# Workshop 1: Open Source AI is Awesome! 🚀

- **When:** Wednesday, 5th February, 17:00.
- **Where:** Appleton Tower, 5.04. If you don't have access, reach out and we'll let you in!
- **Contacts:** Reach out on Instagram _@edinburgh.ai_
- **Credits:** This notebook is created by EdinburghAI for use in its workshops. If you plan to use it, please credit us!

## Today
- Building an actually good Spotify DJ! 🎸
- There'll be two hosts talking to eachother out loud! 🎤
- What'll they talk about? Whatever the user wants! They'll use my University notes as a source of information! 📚 
  - Ok I know that sounds lame, but the idea is to take boring uni materials and make them into an interesting radio show! 

Lfg 🔥

# Instructions:

This is a Jupyter notebook. It contains cells. There are 2 kinds of cells - markdown and Python. Markdown cells are like this one, and are just there to give you information. Python cells run code. You can run a cell with `Ctrl + Enter` or run a cell and move the next one with `Shift + Enter`. Try running the cell below.


In [None]:
print('Ctrl + Enter runs this cell!')
output = 'The last line of a cell is printed by default'
output

#### What YOU Need To Do
    
- There are places to write code, indicated by `...` and a comment with `TODO:` in a python cell. You should fill these in or nothing will work! If you have any questions, just ask one of the EdinburghAI people :)

- There are points to stop and think indicated by **Think🤔**. Please stop, think, maybe write an answer, and discuss with those around you.

- There are also questions labelled **Extension😈**. These are more optional, and are for those of you who might have done some similar stuff before. Feel free to have a think about these questions though!

Good luck!

## So What're We Building? 🛠️

Here's the vision: 

- Gone are the days we have to read boring university notes!
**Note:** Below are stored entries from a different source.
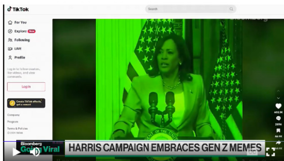
Рис. 1. Кампанія Harris включає мему покоління Z Джерело: [3].

Тренд з #bratsummer налічує майже мільйон публікацій у TikTok, а темою зеленого лайма користуються тисячі людей і компаній (Рис. 1).
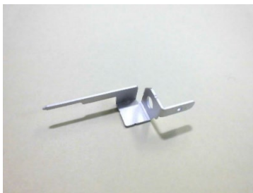
変形しやすい製品をバレル工法で処理
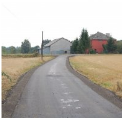
Modernizacja odcinka ul. Kwiatowej w Zatorze o długości ok. 90 mb

Koszt robót zasadniczych – 25 000,00 zł brutto
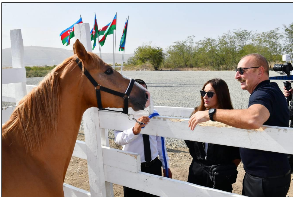
Atılıq Nəsilartırma Mərkəzinin təməlinin qoyulması. 04.10.2022
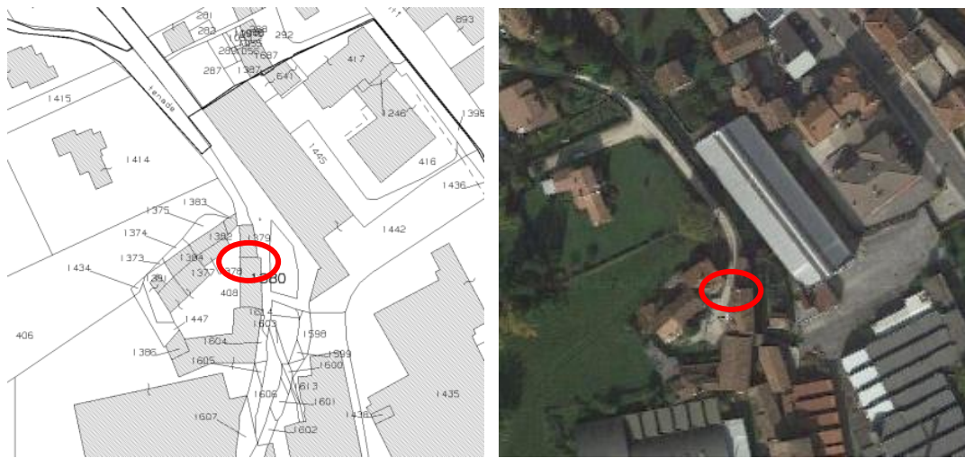
Estratto di mappa e fotogrammetria aerea

Confini : il mappale n. 1380 confina a NORD con il mn. 1379 sub. 5 (garage proprietà di terzi e dell'Esecutato 1 in quota parte, non oggetto di pignoramento); a EST con un torrente; a SUD con il mn. 1614 (residenziale proprietà di terzi); ad OVEST con il mn. 408 (area urbana proprietà di terzi, attraverso cui si accede a tutti gli immobili del comparto).
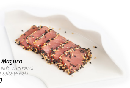
242 Tataki Maguro tonno scottato in crosta di sesamo e salsa teriyaki
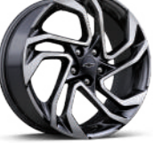
19인치 카본 플래시 머신드 알루미늄 휠 (RS 전용, 스위처블 AWD 패키지 선택시 적용)

With our brand new radio show, you'll be able to learn your uni material in an actually fun way!  
- The radio show will have 2 hosts. 
- The user will ask a (uni-related) question.
- The hosts will use my uni notes (hosted on [www.leocamacho.co](www.leocamacho.co)) to answer the question. (Shameless self-promo i.k. lol)
- The hosts will talk to eachother out loud! 🎤


## The Tech Stack 🤔

- We'll use an _open_ LLM to generate the conversation in full.
- We'll use a _open_ TTS model to generate the audio of each speaker.
- We'll use an _open_ embedding model to store all of our notes as vectors. Then when the user asks a question, we'll use the embedding model to find the most similar notes and use them to answer the question. 


# Using RAG to answer questions! 🔍

We want our model to take our Uni notes and use them to generate a conversation. But it would be incredibly innefficient to pass every single note into the model. Instead, we'll use a technique called _RAG_ (Retrieval Augmented Generation). 

RAG is a technique where we first _embed_ our notes, and then use a _similarity search_ to find the most relevant notes to the user's question. We'll then pass these notes into the model to answer the question. (I.e. Retrieve a note and pass it into the prompt of the model)

How do we do this?

### Creating The Vector Database 🔍

We're going to use the Uni notes from my website ([www.leocamacho.co](www.leocamacho.co)) as the source of truth for our RAG system. I recommend checking it out and going searching for some notes. I've got pretty extensive notes for Computer Systems, Intro to Algorithms and Data Structures, and Computer Security. 

##### Note:
Since none of the notes are too long, we can load the entire note as a single vector. If we instead had a single very long pdf, or multiple long notes, we'd have to split them into chunks. We'd have use something like [LangChain's Sentence Splitter](https://python.langchain.com/api_reference/text_splitters/sentence_transformers/langchain_text_splitters.sentence_transformers.SentenceTransformersTokenTextSplitter.html) to do this. 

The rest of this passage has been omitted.